Python | Create archives and search for files by name



The shutil module has two functions — make_archive() and unpack_archive() which might be just such a solution.

Code # 1:

import shutil

shutil.unpack_archive ( `Python-3.3.0.tgz` )

shutil.make_archive ( `py33` , `zip` , ` Python-3.3.0` )

Output:

 `/ Users / Dell / Downloads / py33.zip` 

Second argument for make_archive () — this is the desired output format. For a list of supported archive formats, use get_archive_formats () .

Code # 2:

shutil.get_archive_formats ()

Output:

 [(`bztar`," bzip2`ed tar-file "), (` gztar`, "gzip`ed tar-file"), (`tar`, `uncompressed tar file`), (` zip`, `ZIP file`)] 

Python has other library modules for working with low-level details of various archive formats (for example, tarfile, zipfile, gzip, bz2 and t.D.). However, there is no need to go so low to create or extract an archive. 
Instead, you can just use these high-level functions in shutil. The functions have many additional options for logging, dry runs, file permissions, and so on.

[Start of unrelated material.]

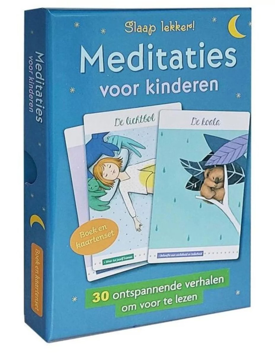 Meditaties voor kinderen, boek en kaartendeck. 19 x 13,5 x 2,3 cm.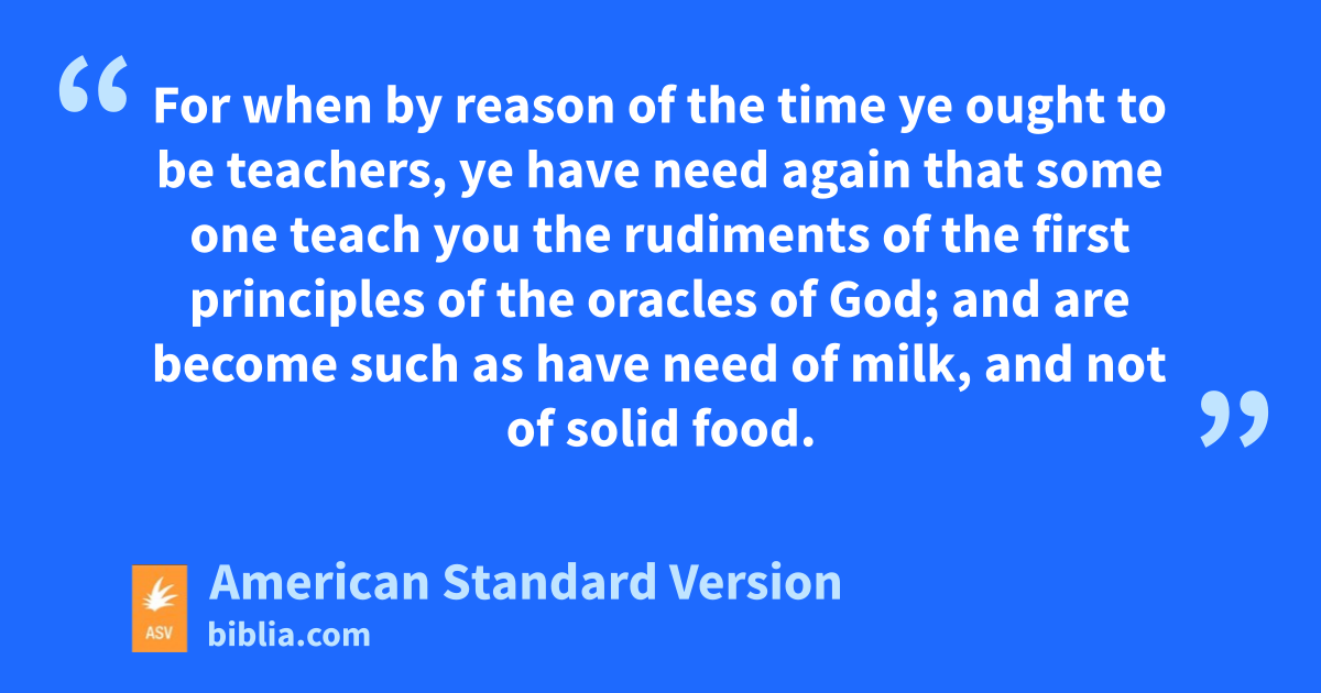 11Of whom we have many things to say, and hard of interpretation, seeing ye are become dull of hearing. 12For when by reason of the time ye ought to be teachers, ye have need again that some one teach you the rudiments of the first principles of the oracles of God; and are become such as have need of milk, and not of solid food. 13For every one that partaketh of milk is without experience of the word of righteousness; for he is a babe. 14But solid food is for fullgrown men, even those who by reason of use have their senses exercised to discern good and evil.

Let`s write a script that includes searching for files, such as a file rename script or a log archiving utility, but shouldn`t call shell utilities from a Python script, or provide specialized behavior that is not easy to get by “flaking”.

Use the os.walk () function to find files, giving it a top-level directory.

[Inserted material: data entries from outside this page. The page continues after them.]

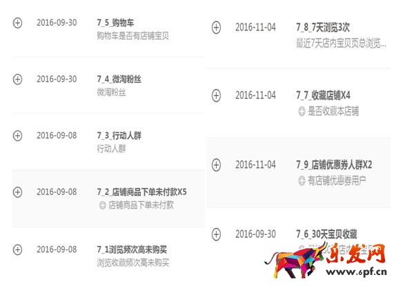 老客營銷:通過投放自家店鋪人群和DMP進行標簽化人群的圈定投放。既然是維護老客,可以通過用戶軌跡下的瀏覽痕跡進行精準的老客區分。這樣篩選出來的人群針對性比較強。例如,下面是一些常用的DMP標簽: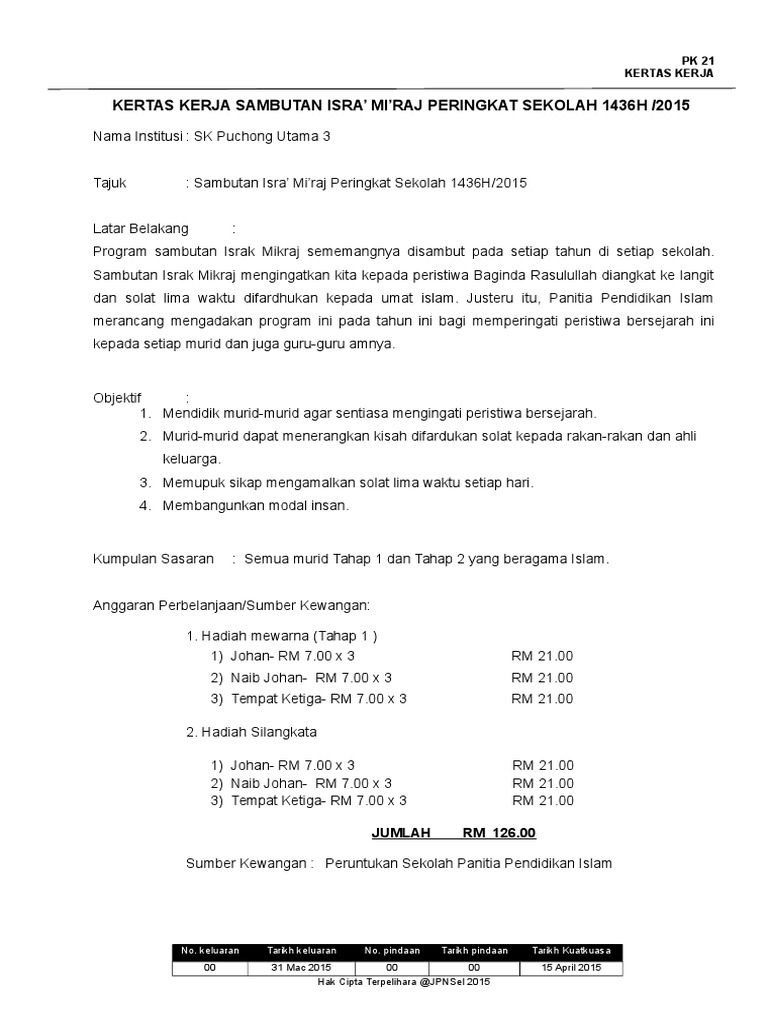 Menyedari hakikat ini maka program ini dilaksanakan agar. Contoh Kertas Kerja Program Sambutan Isra Mikraj.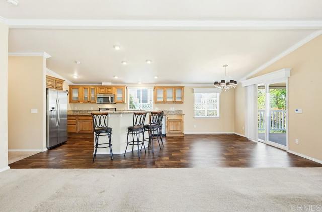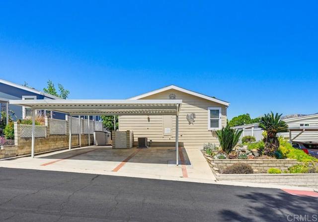 Welcome to your lake view home in the highly desirable gated 55+ community of Lake Jennings Park Estates, where you own the land and enjoy a low HOA of just $218 per month with no space rent. This beautifully maintained property is designed for easy living and entertaining, featuring a spacious open floor plan, a large kitchen island, and an abundance of cabinetry for storage and functionality. Step outside to a covered patio deck and thoughtfully designed paver backyard, complete with a charming gazebo and ceiling fan, creating the perfect outdoor retreat to relax and take in the views. Inside, the home offers three bedrooms, including a generous primary suite with a walk-in closet and built-in organizers. The exterior continues to impress with side-by-side covered parking, additional space for a golf cart, and a low-maintenance yard highlighted by a mature pink grapefruit tree and vibrant rose bushes. This is an exceptional opportunity to enjoy comfort, convenience, and scenic living in one of East County’s most sought-after communities.

Code # 3: a function that finds a specific filename and prints the full path of all matches.

Save this script as abc.py and run it from the command line, abc.py start point and name as positional arguments as —

import os

 

def findfile (start, name):

  for relpath, dirs, files in os.walk (start):

  

  if name in files:

full_path = os.path.join (start, relpath, name)

print (os.path.normpath (os.path.abspath (full_path)))

 

if __ name__ = = `__main__` :

  findfile (sys.argv [ 1 ], sys.argv [ 2 ])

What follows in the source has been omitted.